─── Material provided
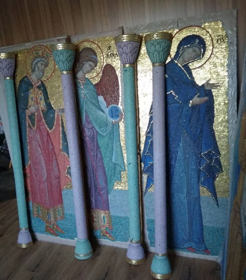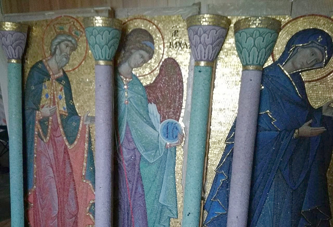 Готовы колонны второго яруса иконостаса храма святого Георгия Победоносца в технике мозаики
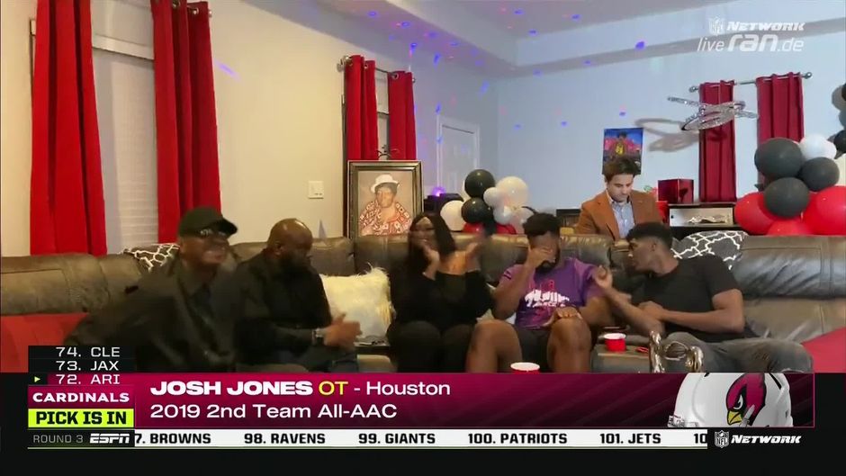 Die Arizona Cardinals sichern sich mit dem 72. Pick Offensive Tackle Josh Jones von der Houston Universität. Jones war eigentlich von vielen Experten für das ende der ersten Runde gehandelt worden.
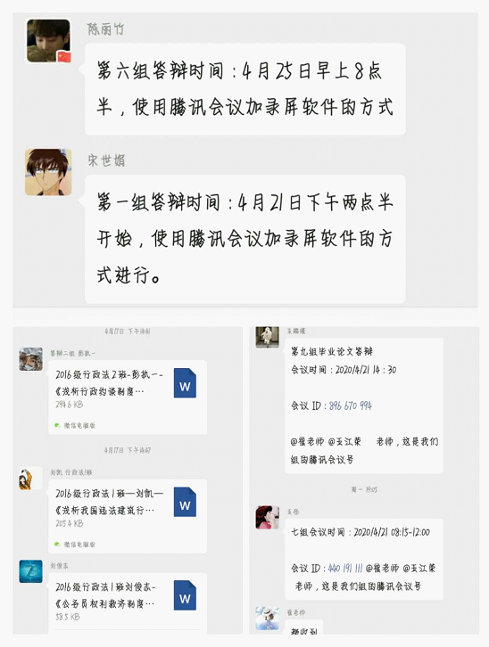 2020年4月20-25日,小宝影院 2020届本科毕业论文行政法方向答辩工作顺利结束。参加本次行政法方向毕业论文答辩的共有174名同学,共分为10组。本次答辩以“腾讯会议+实时录屏”的方式开展,为了确保此次线上答辩工作的顺利开展,每组由三名导师、一名答辩秘书共同负责。此外,校督导组专家张宏斌老师、学院督导组老师也对此次答辩工作进行了指导。
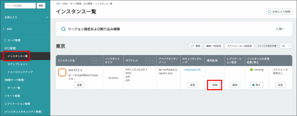 8.左メニューより[インスタンス一覧]をクリックし、対象インスタンスの運用監視の[詳細]をクリックします。
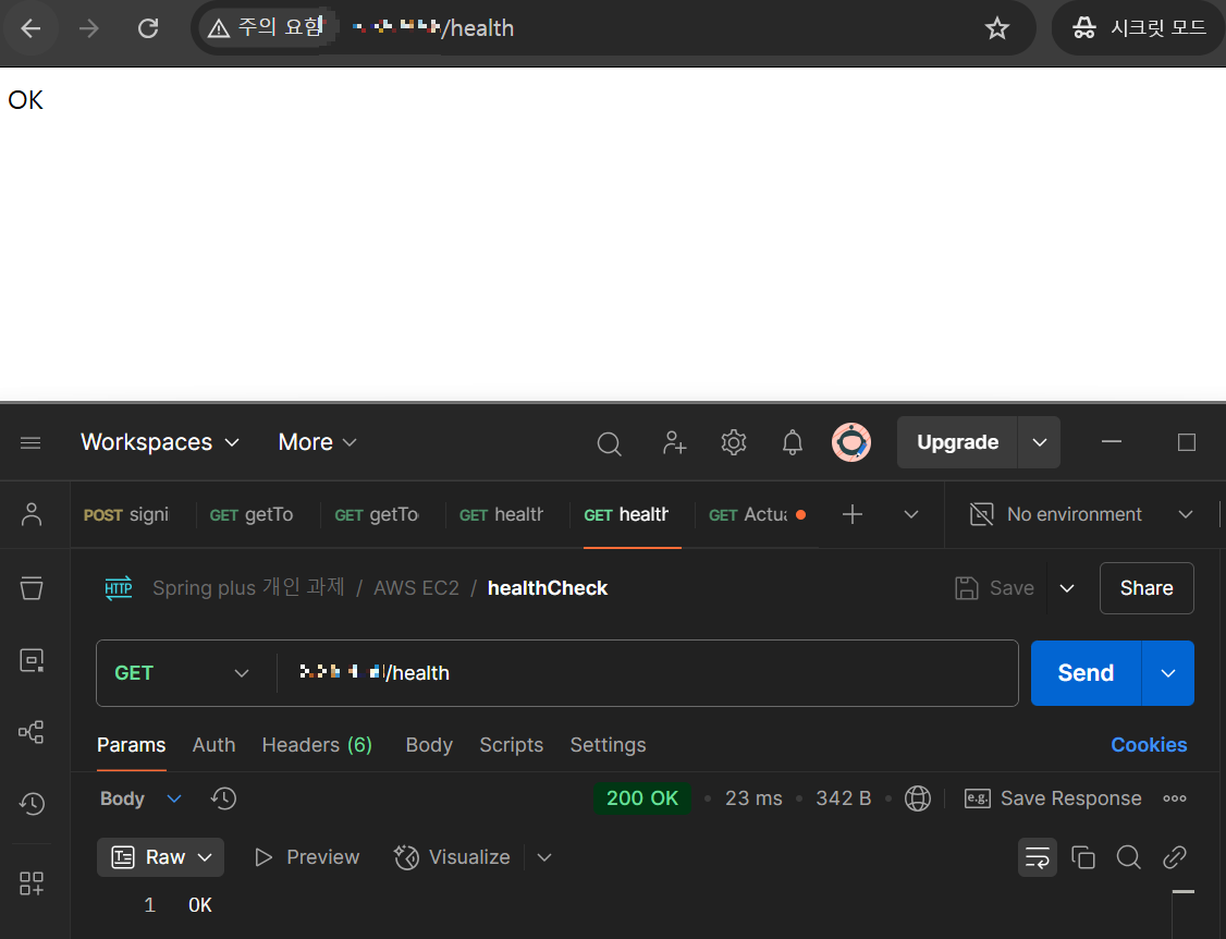 - 결과 - `<EC2 퍼블릭 IP>/health`
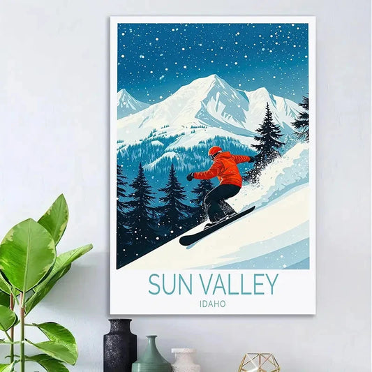 Vintage Sun Valley Idaho Resort Winter Landscape Travel Poster Print Wall Art
──────
:: Your instructions ::
Nothing but the lines from the one containing "2020年4月20-25日,小宝影院 2" through the last line of the records above should appear, each repeated exactly, with no pictures.

:: Exercise response ::
 2020年4月20-25日,小宝影院 2020届本科毕业论文行政法方向答辩工作顺利结束。参加本次行政法方向毕业论文答辩的共有174名同学,共分为10组。本次答辩以“腾讯会议+实时录屏”的方式开展,为了确保此次线上答辩工作的顺利开展,每组由三名导师、一名答辩秘书共同负责。此外,校督导组专家张宏斌老师、学院督导组老师也对此次答辩工作进行了指导。
 8.左メニューより[インスタンス一覧]をクリックし、対象インスタンスの運用監視の[詳細]をクリックします。
 - 결과 - `<EC2 퍼블릭 IP>/health`
 Vintage Sun Valley Idaho Resort Winter Landscape Travel Poster Print Wall Art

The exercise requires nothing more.